No se fueron de vacío y dejaron buen ambiente los coletas foráneos, el ecuatoriano Juan Francisco Almeida y el peruano Samuel Calderón, quienes cortaron una oreja cada uno, este último con la posibilidad de haber salido en hombros de no haber marrado estrepitosamente su labor ante el que cerró plaza.

Por su parte el coleta local Yonathan Ortega dejaría preocupante semblante, ante sus falencias a lo largo de sus labores, ligeras de piernas, ayunas de ideas resolutivas, a tal punto de por poco ver como se le iba a los corrales su segundo ejemplar, donde pasó apuros.

Tarde soleada, picante el astro rey, abriendo plaza el espada quiteño Almeida, quien saludó con larga cambiada en el tercio, en solvente manejo con el percal. Medido seria el castigo en varas, para de nuevo por faroles adornarse en el quite.

Luego con la muleta, intermitentes serían los momentos de lucimiento, pues el astado venciéndosele por el pitón derecho le avisaría en varias ocasiones de sus arteras intenciones, que se unieron a siempre ir con la cara por las nubes. Poco menos se le vio por la zurda, necesitando de reiterados viajes con el acero y el descabello para despacharle a las mulillas.

Mejor se le vio con el que hizo cuarto, un serio dije, al que saludó con garbosas verónicas rematadas con media de cartel en el centro del redondel.

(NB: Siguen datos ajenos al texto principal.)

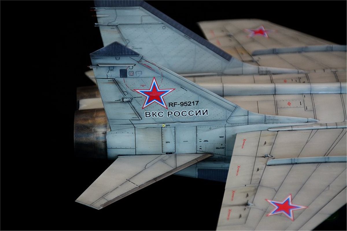Доброго времени суток, коллеги. Представляю на обзор и суд свое крайнее творение. Набор всем известный. Буду краток. Использовал из дополнений травление от ЭДИКА в кабину, конверсионный набор от АМК ( металлические стойки), и смоляной КИНЖАЛ" от Арма моделс. Сборка затруднений не вызвала. Окраска: грунт, прешейдинг, краски Ганза и Акан, немного высветлил местами, смывка от тамии, погодные явления масло художественное, сопла тонировал пудрой от Тамии., на финише лак матовый Акан. Не получилось нанести аккуратно герметик на остекление, чему очень расстроен. Сильно "ушатывать" не стал, по фотографиям прототипов - носителей "Кинжалов" борта чистенькие..... Приятного просмотра, сильно не пинайте за испорченную модель.
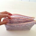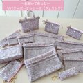同じリバティ【フェリシテ】で、さまざまなサイズ・形のポーチをご用意しました。
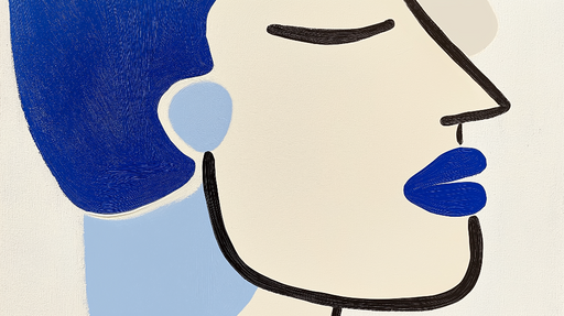 WonderMuralDeze foto behang heeft een abstract en minimalistisch ontwerp, met een gestileerd gezicht met opvallende kenmerken in blauw en beige. Diepzwarte li...
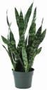 Sansevieria are evergreen perennials that can grow anywhere from eight inches to 12 feet high. Their sword-like leaves are approximately two feet long. The foliage is stiff, broad, and upright, in a dark green color variegated with white and yellow striping
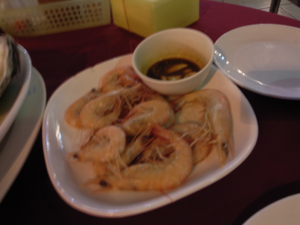 エビのソテー。ニンニク醤油みたいなのつけて
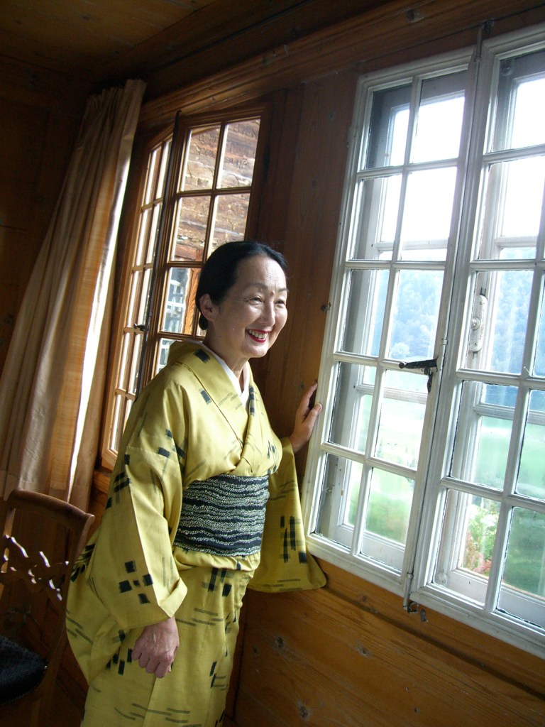 La comtesse Setsuko Klossowski de Rola, japonaise, me raconte leur coup de foudre pour le Grand chalet lors de notre première rencontre pour mon émission « La vie de chalet » (lien en annexe). Elle s’est sentie « prise » par la bâtisse dès l’entrée dans ce couloir étroit et déjà très surprenant par rapport à la taille du bâtiment… « À la revue « Pays-d’Enhaut. Lieux historiques, Lieux vivants », elle confie: » je suis particulièrement sensible à la chaleur qui se dégage du bois. Au Japon, j’ai toujours vécu, comme mes ancêtres, dans une maison traditionnelle où tout est en bois. Quand vous rentrez dans une maison entièrement en bois, votre âme, même lointaine, est comme saisie par une rencontre invisible. Je l’ai fortement ressenti lorsque j’ai découvert le Grand Chalet. Je me suis immédiatement sentie chez moi. »
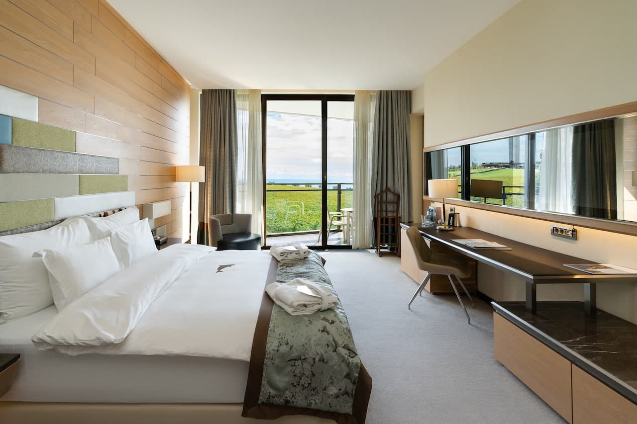 Элегантный номер предлагает гостям огромную гостиную, две спальни с собственными санузлами, обзорный балкон с террасой с шезлонгами и восхитительные виды Крымской Ривьеры.
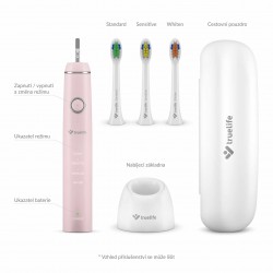 Zdravé zuby a ďasná? Spoľahnite sa aj vy na kefku SonicBrush Compact Pink s modernou sonickou technológiou SonicTrue®. Vďaka jej starostlivost získate žiarivý úsmev a nedáte šancu škodlivým baktériám. Štetinky kefky kmitajú vysokou rýchlosťou až 70 000 pohybov za minútu a každým pohybom odstránia maximum zubného povlaku. Môžete vyberať zo 4 režimov čistenia. Kefka je kompaktných rozmerov a vďaka praktickému cestovnému puzdru si ju môžete vziať kamkoľvek so sebou. Batéria vydrží celých 30 dní. Balenie obsahuje sonickú kefku, dobíjaciu stanicu, tri náhradné hlavice (Sensitive, Standard, Whiten) a cestovné puzdro.
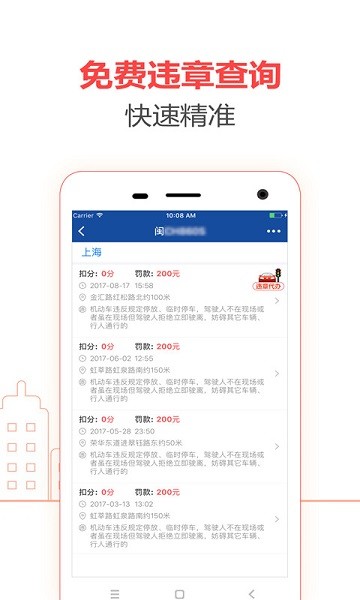 新增支持全国200+城市在线违章代缴代办,极速办理。
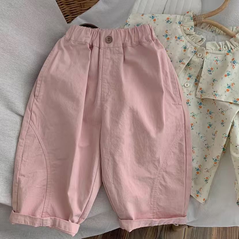 올매치 핑크 어린이 바지 2025 여름 얇은 유행 소녀 느슨한 할란 바지 봄과 가을 간단한 캐주얼 바지스토어 가기

Nuevamente el puyazo trasero del piquero no impidió a que el noble ejemplar se viniera arriba en banderillas y muleta, ofreciendo el coleta quiteño series templadas, tal vez con el elemento de adolecer un poco de mando y toques sutiles para hacerlas rebozar, a tal punto de ser volteado aparatosamente saliendo grogui del trance.

Similar fueron el par de series por la zurda, donde el astado no le perdonaría los elementos antes señalados. Las ajustadas bernardinas en tablas cerraron una labor que no perdió interés en el tendido, para de espadazo entero, delantero y contrario, cortar una oreja.

Un poco embarullado fue el recibo del limeño Calderón ante el tercero, noble astado en especial por el pitón derecho donde en la muleta el menudo torero, estudiante de la carrera de Medicina, supo entender, llevar y sacar partido la nobleza que traía el pupilo de Los Aranguez. El espadazo en todo lo alto dio pie a la petición de los presentes para cortar el apéndice que inauguraba saldo artístico.

Con el que cerró plaza, pecharía nuevamente con un nobilísimo burel, el más serio del envío que había sido picado de forma preciso por su varilarguero de confianza, en toda la yema. Nuevamente la variedad con la muleta fue elemento para un trasteo que tuvo momentos de gran eco en el tendido en especial por la diestra. Una pena que el estrepitoso uso del estoque emborronó lo que bien pudo ser su opción para abrir la Puerta Grande.

Opaca y muy dubitativa fue la actuación del espada local Ortega, quien en su primero del lote tendría los momentos de más mérito, que no del todo hicieron justicia a las potables embestidas de su antagonista. Con su segundo, no le vería resquicio a las embestidas más complejas del morlaco enfrente, luciendo ligero de piernas, sin estructura de faena definida, lo que a la postre le hizo pasar trago amargo a la hora de la suerte suprema.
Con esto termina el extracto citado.